U.S. Federal Reserve Beige Book: Boston District (Text)

The following is the text of the Federal Reserve Board’s First District -- Boston.

Business activity in the First District continues to expand gradually. Contacts in manufacturing, software and IT services, staffing, and commercial real estate seem more upbeat than six or 12 weeks ago, while retailers continue to give mixed reports, and residential real estate markets remain soft. Labor demand is improving somewhat, with most contacted sectors undertaking modest net hiring. Some firms report raising prices or wages and complain of selected increases in non-labor costs, but most say they are holding their prices and wages stable. The outlook for 2011 is slightly more optimistic than last time, with somewhat less reference to downside possibilities.

Retail and Tourism

First District retailers report mixed sales results for the fall months. Year- over-year same-store sales range from decreases in the low single digits to increases in the low single digits, with several contacts reporting flat sales. The majority of contacted retailers expect a highly promotional holiday shopping season yielding modest sales increases. Inventory levels are mixed, but generally in line with expectations. One respondent notes that cost pressure from reduced ocean freight capacity has abated, while another reports increasing price pressure from rising fuel costs. Headcounts continue to increase; these increases primarily reflect new store openings, although some firms are staffing up for the holidays. One respondent cites increased wage pressures. Retailers note significant cost increases for commodities, particularly cotton, liquid sugars, and nuts. Outlooks range from cautious to cautiously optimistic, with most contacts making less mention of downside risks than in earlier conversations.

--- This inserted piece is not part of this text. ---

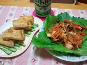 一昨日のヤンニョムとキムチが残っていたので、タコの辛子炒めを作りました。あとは、豆腐があったので、豆腐ステーキに挑戦です。今日もクックパッド先生最高です!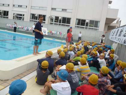 7月8日(金)6年生対象に着衣泳の授業が行われました。川や海などに万が一落ちた場合、溺れないために、着衣のまま浮く方法について学習しました。授業で2つのことを学びました。1つめは、慌てることなく「浮いて待つ」ということです。ドタバタしたり、叫んだりすると、体が沈むことを体験を通して学びました。2つめは、もし溺れている人がいたら、ペットボトルやボールなど浮きそうな物を投げたり、救急車を呼んだり、励ましの声掛けをしたりすることです。グループ学習の実技演習を通して、理解を深めることができました。ご指導くださった先生方、ありがとうございました。

Travel and tourism in the Boston area is strong. One contact attributes the trend to generous travel incentives and perceived value. Leisure travelers are reported to be taking more frequent short vacations rather than fewer long trips. The tourism outlook is seen as positive as long as the promotions continue.

Manufacturing and Related Services

Nearly all contacted manufacturing firms are relatively upbeat about their current activity levels. Firms in the semiconductor sector continue to report particularly robust sales growth in the third quarter, and manufacturers who sell components for automobiles and other machinery also report relatively strong revenue growth. A couple of manufacturers note that their sales are on pace with the very strong results they posted in the fall of 2008, prior to the economy’s deterioration. Other firms indicate that their sales figures have weakened somewhat relative to the first half of this year, but are still strong relative to 2009. Most responding firms express less concern now than at the end of the summer that sales growth has plateaued and/or could diminish.

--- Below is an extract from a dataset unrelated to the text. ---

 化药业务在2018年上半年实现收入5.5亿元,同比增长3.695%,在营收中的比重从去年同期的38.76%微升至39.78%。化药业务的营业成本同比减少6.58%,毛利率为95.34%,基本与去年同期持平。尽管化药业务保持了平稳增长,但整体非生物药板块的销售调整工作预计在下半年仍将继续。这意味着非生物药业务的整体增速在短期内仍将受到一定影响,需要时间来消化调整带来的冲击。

Inventory levels at most contacted firms have risen a bit since the second quarter, either to correct undue reductions made in response to the economic downturn or to limit future supply disruptions. One firm notes that its inventory levels are back on plan after being low for a few quarters because of a dramatic increase in orders. Some manufacturers say their suppliers continue to operate at capacity and are still slow to provide necessary production materials. These continued tight supplies along with rising oil and metals prices have created input cost pressures for selected firms. To offset their higher costs at least partially, these manufacturers (most of whom are intermediate-goods suppliers) have either raised their selling prices or plan to do so in the near future; one firm plans to raise prices from 4 percent to 6 percent, expecting that only about half of the increase will stick. Notwithstanding these exceptions, responding manufacturers characterize selling prices as relatively stable.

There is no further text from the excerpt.